Postby pakhi » Tue Aug 06, 2024 9:42 am

Hi Prof. Bliemer,

I wanted to follow-up on this thread regarding my PCSD DCE. To reiterate, I am using five labelled alternatives (video, telephone, app, online, f2f). These are my attributes and levels: admin (0, 1), tech (0, 1, 2), duration (30, 60, 90, 120), and feedback (0, 1). Please note, ‘admin’ for alternatives app and online is always 0; and ‘tech’ for f2f is always 0 so I have removed them from the codes and candidate set. I am treating all attributes as alternative-specific parameters except for ‘feedback,’ which will be a generic parameter.
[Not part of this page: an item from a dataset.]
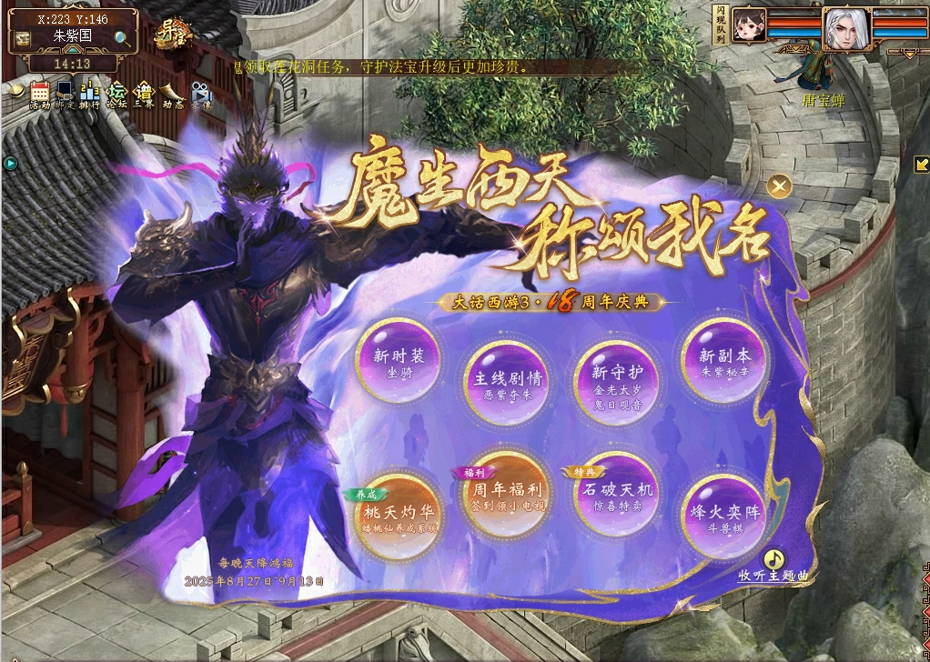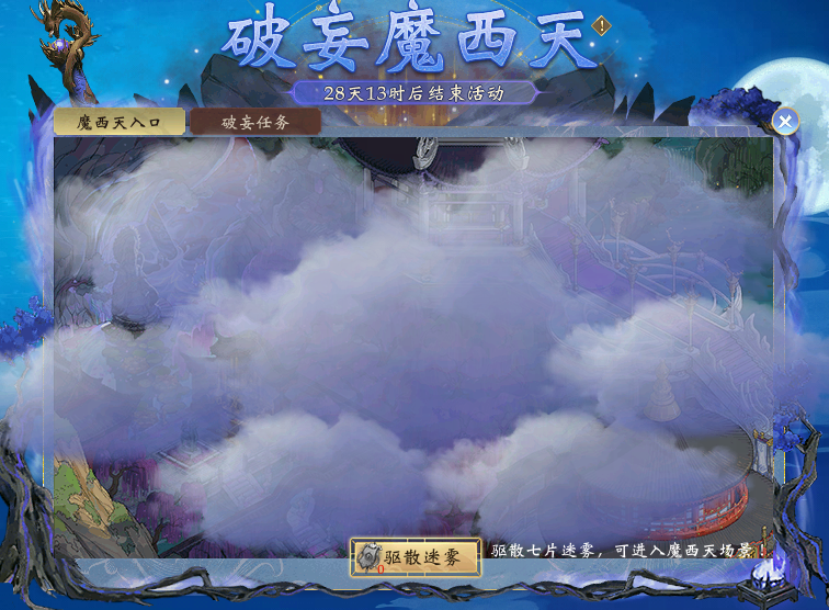 ①完成七个破妄任务,成功驱散地图上七片迷雾的玩家,可通过朱紫国(16,51)空间裂隙,率先进入魔西天场景,参与新门派玩法。

I have completed a pilot survey and am using Bayesian priors from the estimates obtained from the survey for my main DCE design. However, I keep getting an undefined d-error. I have seen many posts on this forum regarding undefined d-errors but cannot determine if the issue lies with my code or how I have defined my candidate set, and hence multicollinearity.

The codes are pasted below. For the candidate set, am I correct in indicating ‘feedback’ as generic in the candidate set spreadsheet? For example, I have named the column for the feedback attribute as ‘feedback’ in all alternatives instead of video_feedback, telephone_feedback, etc.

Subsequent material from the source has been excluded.